The Yiddish language, they say, is a dying language. Too bad. It has so many interesting ways to express yourself. I wish I’d listened to my grandparent more when they spoke it and managed to learn more than the few common expressions I still remember, like (please excuse the spelling - it’s all phonetical from memory):
Schmuck - little prick
Putz - big schmuck
Dreck - garbage
Gay in drerd - drop dead
Itz in paravoz - fire in the steam engine (big deal!)
Dreinishken Kopp - Don’t twist my head (Don’t annoy me, Leave me alone)
Kish mir in touchas - Kiss my ass
Sheina Punim - Nice face (pretty face)
Shiksa - Gentile woman (ex. my wife)
Goy - Gentile man
Shaigitz - same as above but more derrogatory - I think
Shikker - drunkard
Shnorrer - bum, beggar
Shlemazle - unlucky - loosely translated
Oy, gevalt! - Oh my god!
Lechaim - to life
Shmaravoznik - manure wagon driver
Ketzeleh - sweetheart
Feel free to add some of your own favourites.
My Ma always used to say “Hock me Nicht in Chinek!” which meant “stop breaking my teapot.” She meant, “leave me alone, you annoying kid.”
She claims that that expression is some butchered form of Yiddish that was only known in the Latvian village where my great-grandparents (her maternal grandparents) came from.
Anyway, I would highly recommend Leo Rosten’s The Joy of Yiddish to anyone who loves Yiddish.
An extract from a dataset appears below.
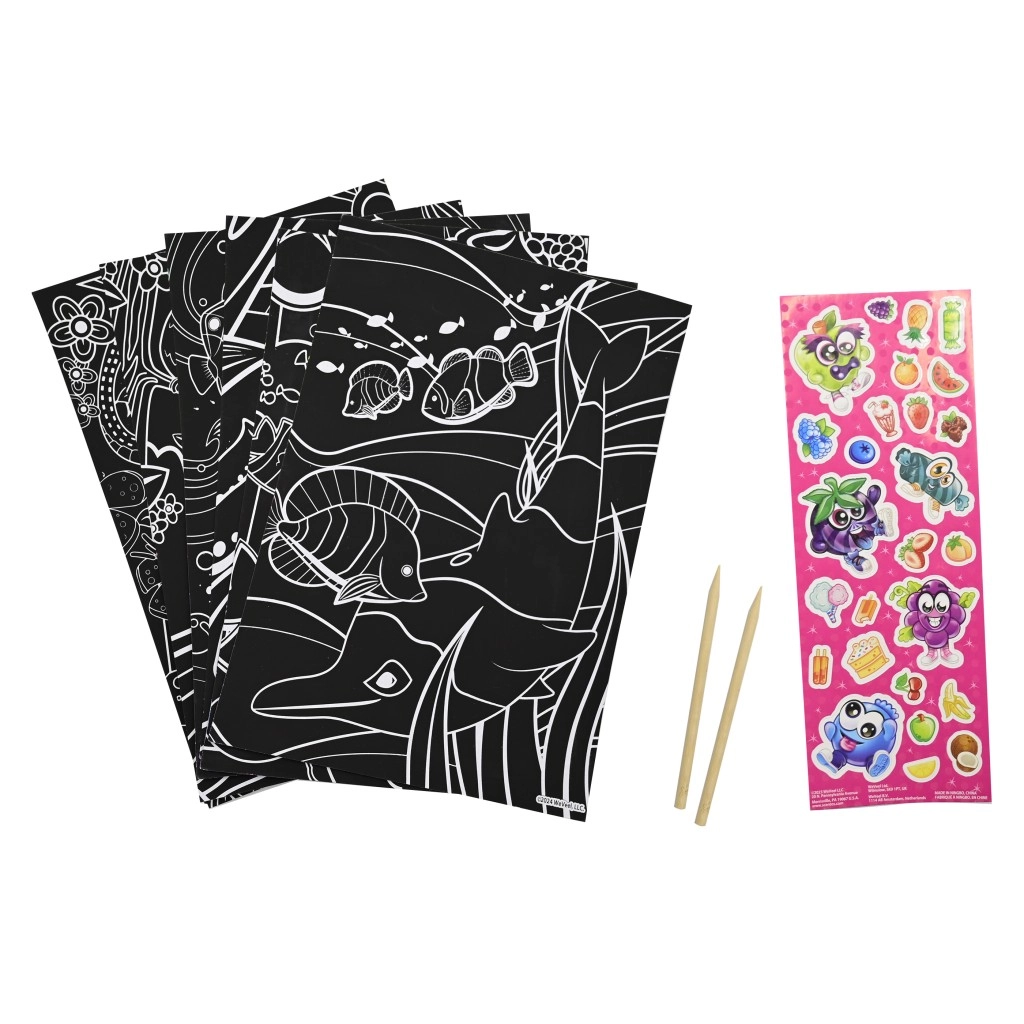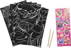 Črne kartice ob praskanju razkrijejo žive barve. Priloženi so leseni pisala in nalepke za dodatno okrasitev.

A great read.
schmuck: limp dick
putz: a hard dick
schlemeal: a guy who spills coffee on someone
schlemazle: the guy he spills coffee on
tsuris: aggravation
ajita (italian): aggravation + nausea
gonif: theif/con-man
meshuggenah: crazy
fleklempt (sp?)- choked up, agitated (made famous by that guy on SNL, but taught to me by the Yiddish grandmother of a girl I dated in college who also called me a “noodge” as in “Frannie, that goy you date, he’s such a noodge. Oy! Why don’t you find a good Jewish boy. Please, I’m feeling a little fleklempt.” She even had separate silverware, plates, and glassware for me at her house.
Hey Green Bean, we must be descended from the same village then. My mother used to say that phrase (or one close to it - don’t hock me a Chinek) all the time. I must’ve been a pest.
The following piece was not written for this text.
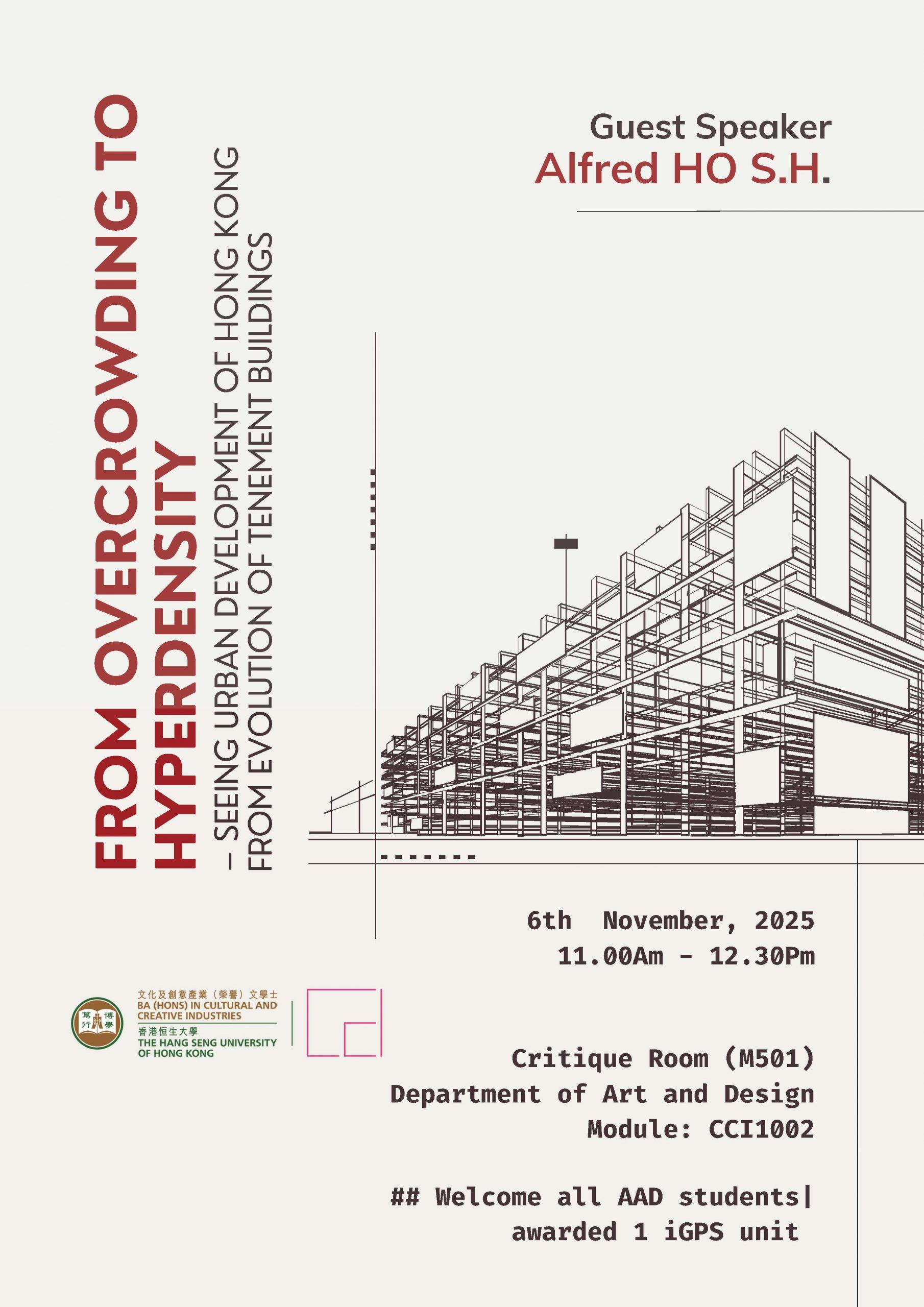 CCI1002 Guest Talk – FROM OVERCROWDING TO HYPERDENSITY – SEEING URBAN DEVELOPMENT OF HONG KONG FROM EVOLUTION OF TENEMENT BUILDINGS 6 NOV 2025 11:00AM – 12:30 PMM501

My grandmother was my Baba (some say Babiev).
My mom also used to tell me, lay keppe and gay schloffen (lay your head down and go to sleep).
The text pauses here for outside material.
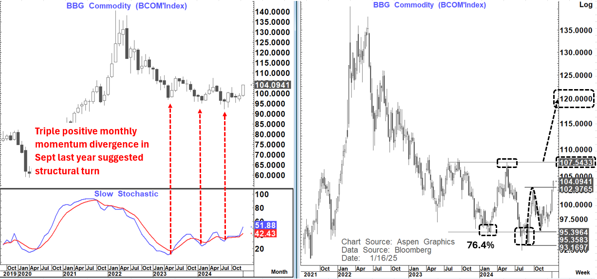 In September we posted triple positive triple momentum divergence on the monthly chart which suggested much higher levels over time. That looks to be materialising now as we have just broken the 76.4% pivot of the recent correction lower and accelerated. A test of the 107.50+ area seen in May last year now looks likely and a break above, if seen, opens up the way for extended gains towards 120.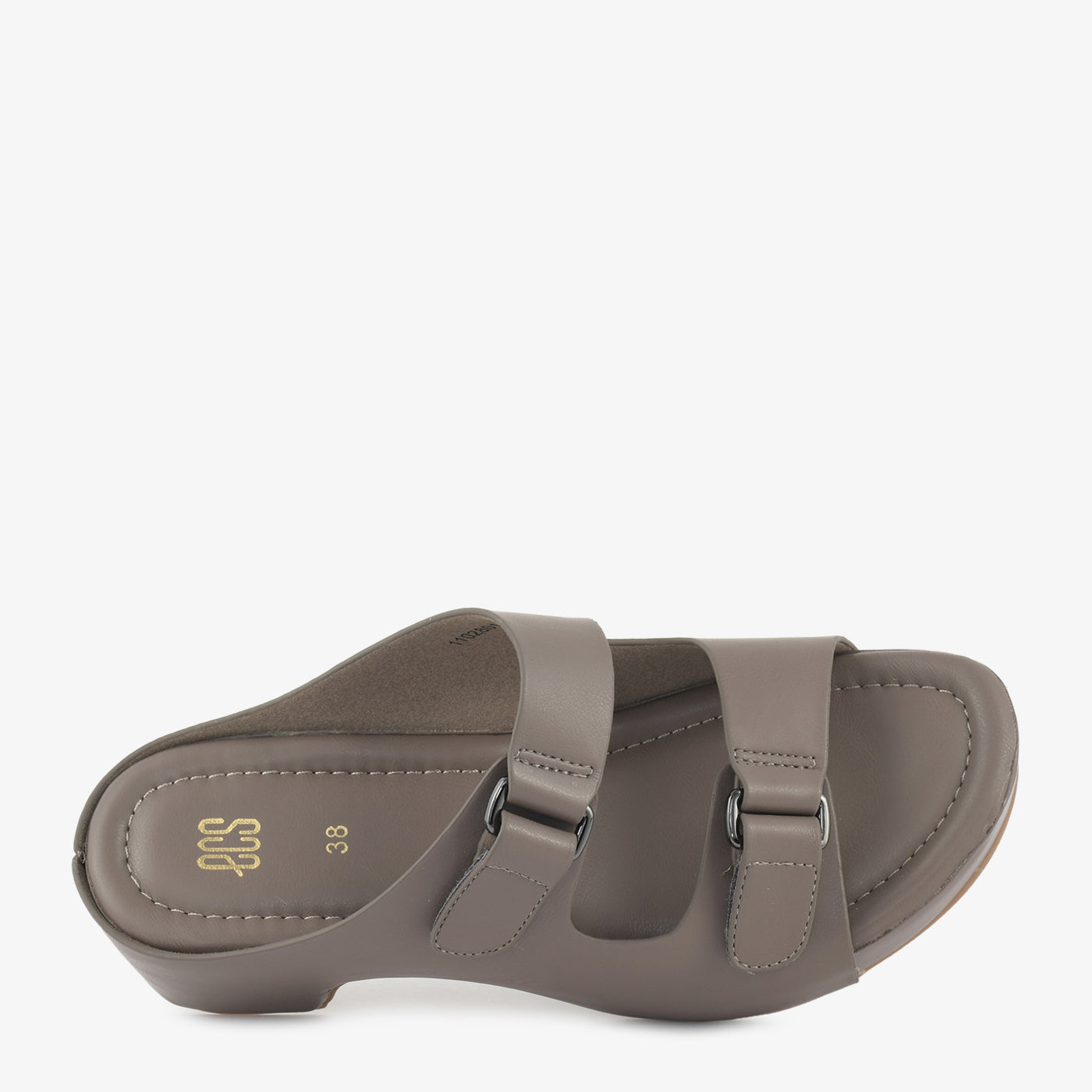 Step into effortless elegance with these smooth ivory slides. The double-strap design with subtle buckle accents offers a secure and stylish fit, elevated by a comfortable block heel.

I had a Sunday school teacher that taught us a song called Yiddle mit den Fiddle. Funny how I can still remember that song (but I don’t dare try to butcher it here).
Thanks for the fond memories, QuickSilver.
“How wonderful it is that nobody need wait a single moment before starting to improve the world.” - Anne Frank
I thought Shiksa was a gentile woman that chased Jewish men and Shaigitz was the same thing with genders reversed. I wasn’t aware either was derogatory. At least I hope not as I’ve been called that at one time.